P100 and GTX 1060 tf serving results are different

with same saved models using at both machines
what are all the things I need to make sure to get the same results on 2 different machines
like tensorflow version, cuBLAS version…
can someone help me please

There is no guarantee that you will obtain bitwise identical results when changing GPUs. Floating point math provides finite precision and is sensitive to things like the order in which numbers are summed. Such variance is expected to be small, and generally should not affect confident predictions of your model.

For example, if you are running image classification, the probabilities of each category may change a little from architecture to architecture, but that small change can only change the order of predictions in cases where the probabilities were close to one another and the model wasn’t very confident in the first place.

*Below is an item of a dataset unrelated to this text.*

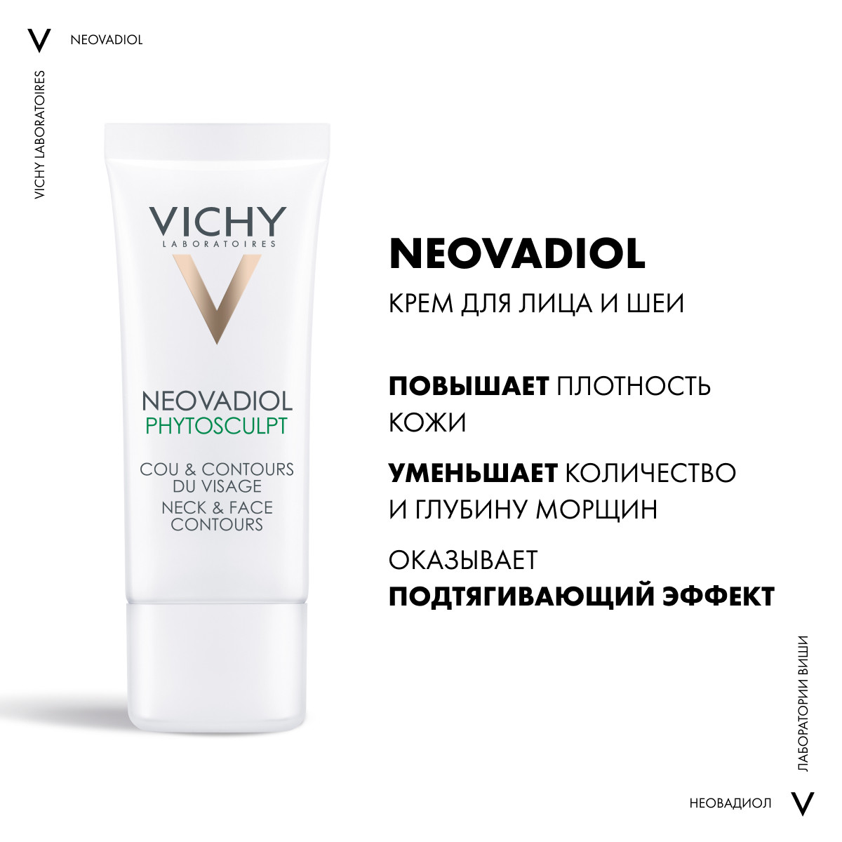 Учитывая специфические изменения кожи в период менопаузы, технологи компании Виши разработали инновационный омолаживающий крем с компенсирующим эффектом. Благодаря усиленной порции про-ксилана и гиалуроновой кислоты, Vichy Neovadiol Phytosculpt Neck and Face Contours подтягивает кожу, обновляет ее, придает эластичность кожным покровам, выравнивает их структуру. При регулярном использовании Виши Неовадиол Фитоскульпт кожа в области шеи преображается, значительно сокращаются морщинки в зоне декольте, подтягивается овал лица. Согласно результатам исследований, эффект заметен уже через 4 часа, а именно:

All that said, GTX1060 and P100 are similar architectures. It is possible that at least some of the observed difference is the result of TF choosing different CUDNN algos. If you are using TF 1.14+, you can try exporting the envvar TF_DETERMINISTIC_OPS=1 to get a more consistent algo choice. But even if this happens to work, it is not something you can rely on when moving between more distantly related architectures (going from Pascal to Turing, for example).

Of course, bugs are always possible, so if you see large discrepancies between your model predictions on P100 and GTX1060, please provide a reproducer (here or privately by filing a bug through the registered developer program).